==== DATA EXTRACT

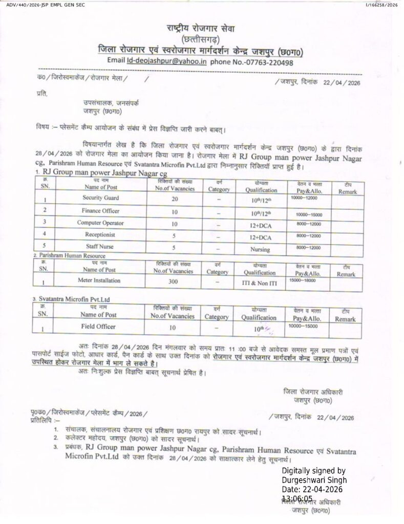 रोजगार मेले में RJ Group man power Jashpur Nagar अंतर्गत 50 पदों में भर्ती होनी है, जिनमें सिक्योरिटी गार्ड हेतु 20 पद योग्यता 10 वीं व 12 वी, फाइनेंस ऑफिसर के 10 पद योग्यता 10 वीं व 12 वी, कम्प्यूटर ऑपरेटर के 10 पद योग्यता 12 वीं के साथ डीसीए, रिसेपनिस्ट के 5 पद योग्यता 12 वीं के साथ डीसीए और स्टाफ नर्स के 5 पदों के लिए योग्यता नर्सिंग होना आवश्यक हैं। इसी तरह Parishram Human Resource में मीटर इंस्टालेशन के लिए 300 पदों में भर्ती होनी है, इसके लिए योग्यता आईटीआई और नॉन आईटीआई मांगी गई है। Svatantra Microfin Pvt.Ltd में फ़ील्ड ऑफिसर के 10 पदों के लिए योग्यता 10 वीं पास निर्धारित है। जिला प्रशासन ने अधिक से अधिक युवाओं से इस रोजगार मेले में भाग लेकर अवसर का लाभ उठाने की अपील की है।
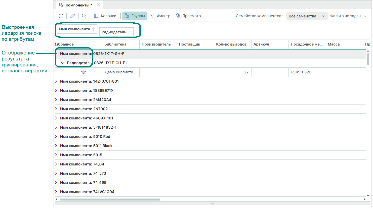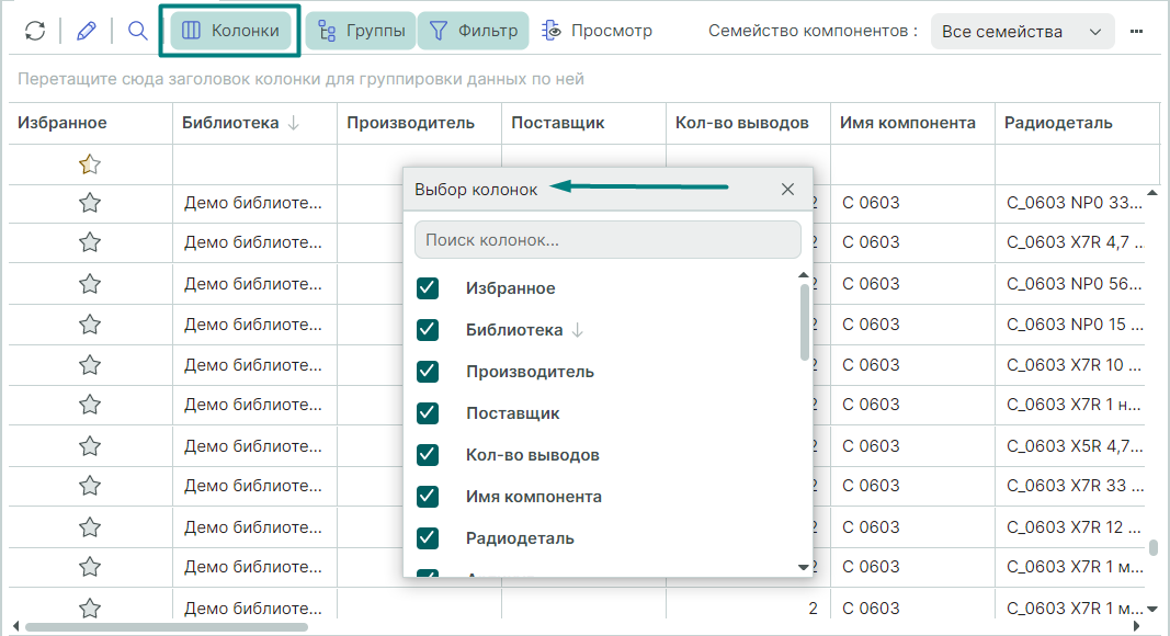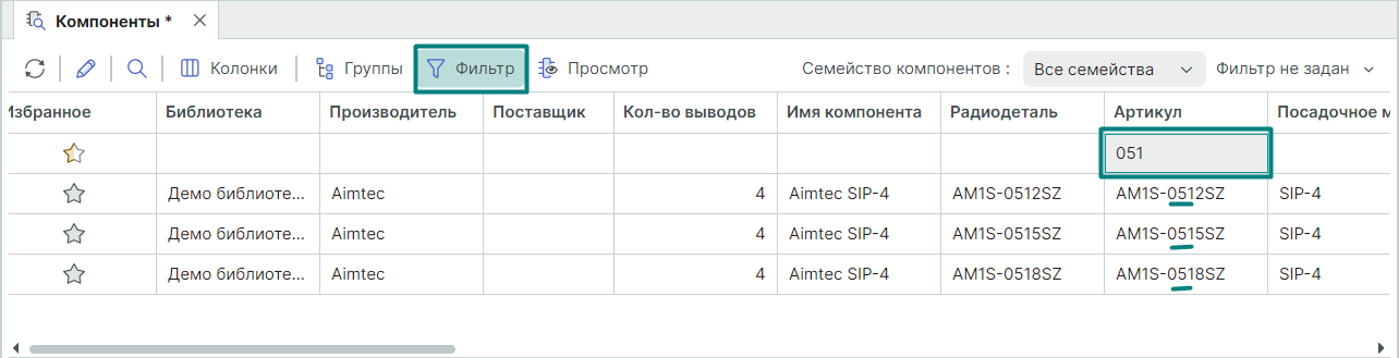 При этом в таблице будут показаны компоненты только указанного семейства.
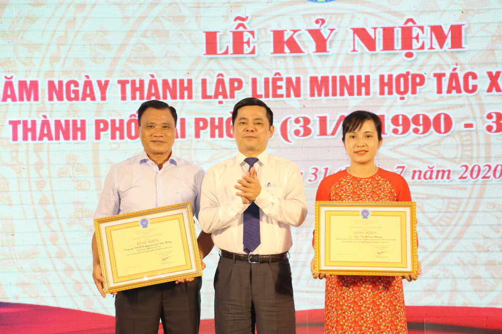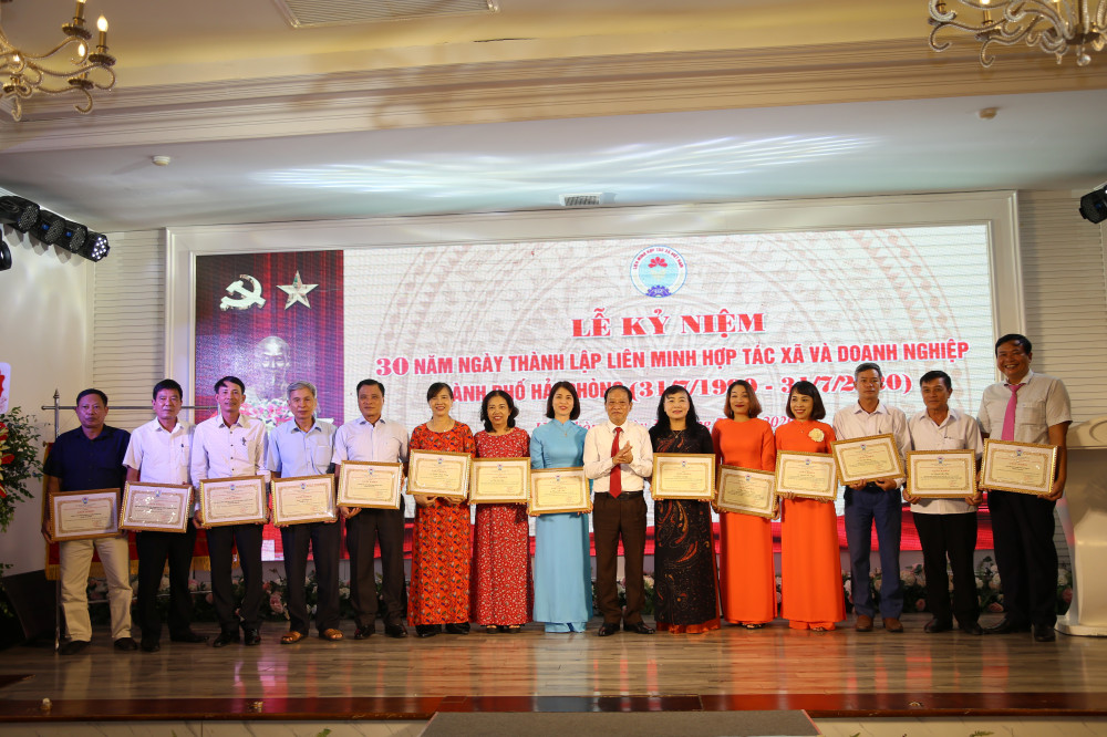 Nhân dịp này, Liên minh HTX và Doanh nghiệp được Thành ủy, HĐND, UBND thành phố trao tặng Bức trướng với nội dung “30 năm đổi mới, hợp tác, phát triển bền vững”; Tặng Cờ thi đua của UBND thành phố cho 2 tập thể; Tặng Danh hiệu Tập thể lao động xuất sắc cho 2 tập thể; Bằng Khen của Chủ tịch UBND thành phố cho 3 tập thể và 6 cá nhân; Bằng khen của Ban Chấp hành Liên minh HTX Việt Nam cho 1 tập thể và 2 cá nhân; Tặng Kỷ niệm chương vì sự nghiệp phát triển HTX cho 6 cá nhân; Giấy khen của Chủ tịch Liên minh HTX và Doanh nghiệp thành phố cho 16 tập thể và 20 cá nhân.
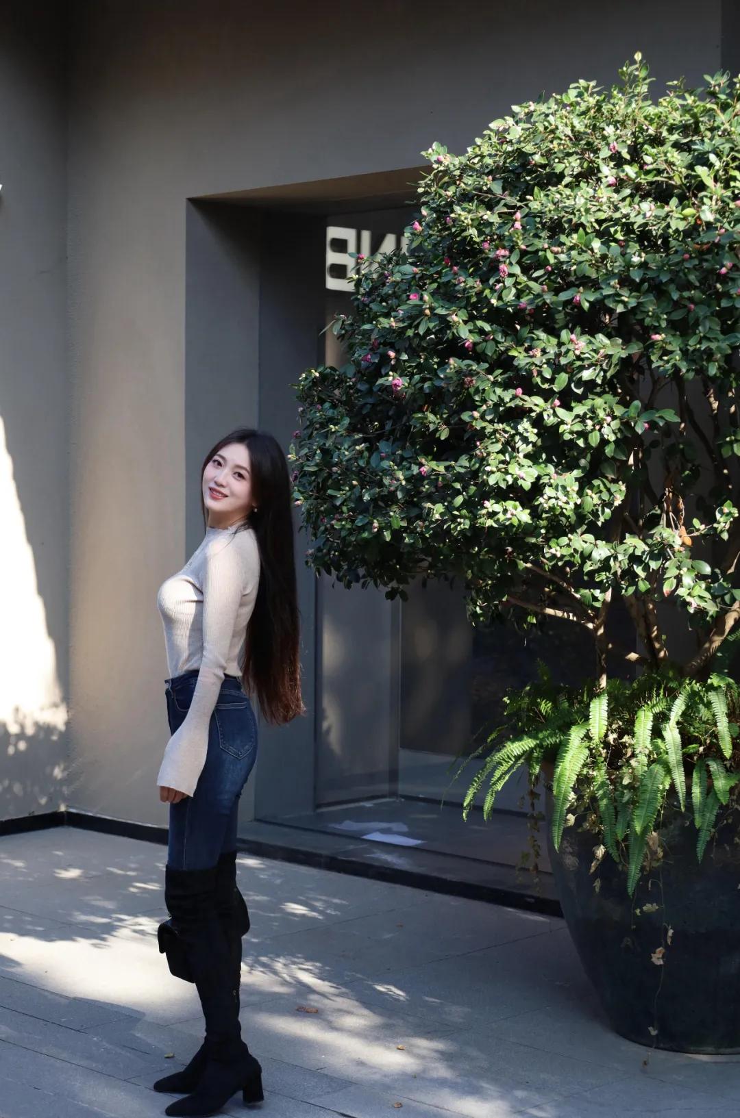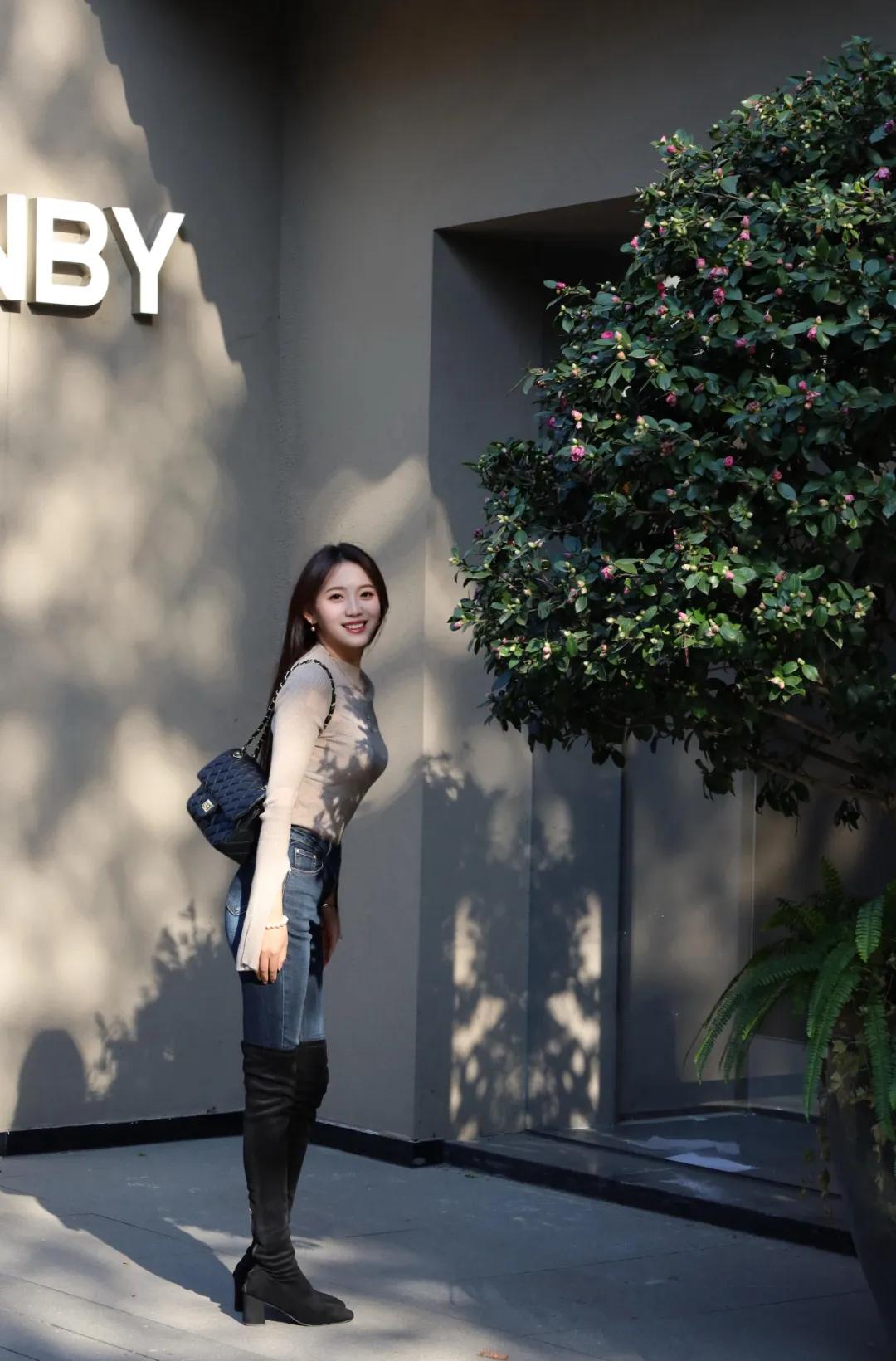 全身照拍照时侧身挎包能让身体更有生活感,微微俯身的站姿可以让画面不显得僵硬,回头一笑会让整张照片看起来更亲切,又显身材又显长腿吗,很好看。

========

◆ **EXERCISE PROMPT**: Beginning with the line that contains "При этом в таблице", output each line of the material above through the last one exactly as it stands. Do not include the pictures.

◆ **EXERCISE RESPONSE**:
 При этом в таблице будут показаны компоненты только указанного семейства.
 Nhân dịp này, Liên minh HTX và Doanh nghiệp được Thành ủy, HĐND, UBND thành phố trao tặng Bức trướng với nội dung “30 năm đổi mới, hợp tác, phát triển bền vững”; Tặng Cờ thi đua của UBND thành phố cho 2 tập thể; Tặng Danh hiệu Tập thể lao động xuất sắc cho 2 tập thể; Bằng Khen của Chủ tịch UBND thành phố cho 3 tập thể và 6 cá nhân; Bằng khen của Ban Chấp hành Liên minh HTX Việt Nam cho 1 tập thể và 2 cá nhân; Tặng Kỷ niệm chương vì sự nghiệp phát triển HTX cho 6 cá nhân; Giấy khen của Chủ tịch Liên minh HTX và Doanh nghiệp thành phố cho 16 tập thể và 20 cá nhân.
 全身照拍照时侧身挎包能让身体更有生活感,微微俯身的站姿可以让画面不显得僵硬,回头一笑会让整张照片看起来更亲切,又显身材又显长腿吗,很好看。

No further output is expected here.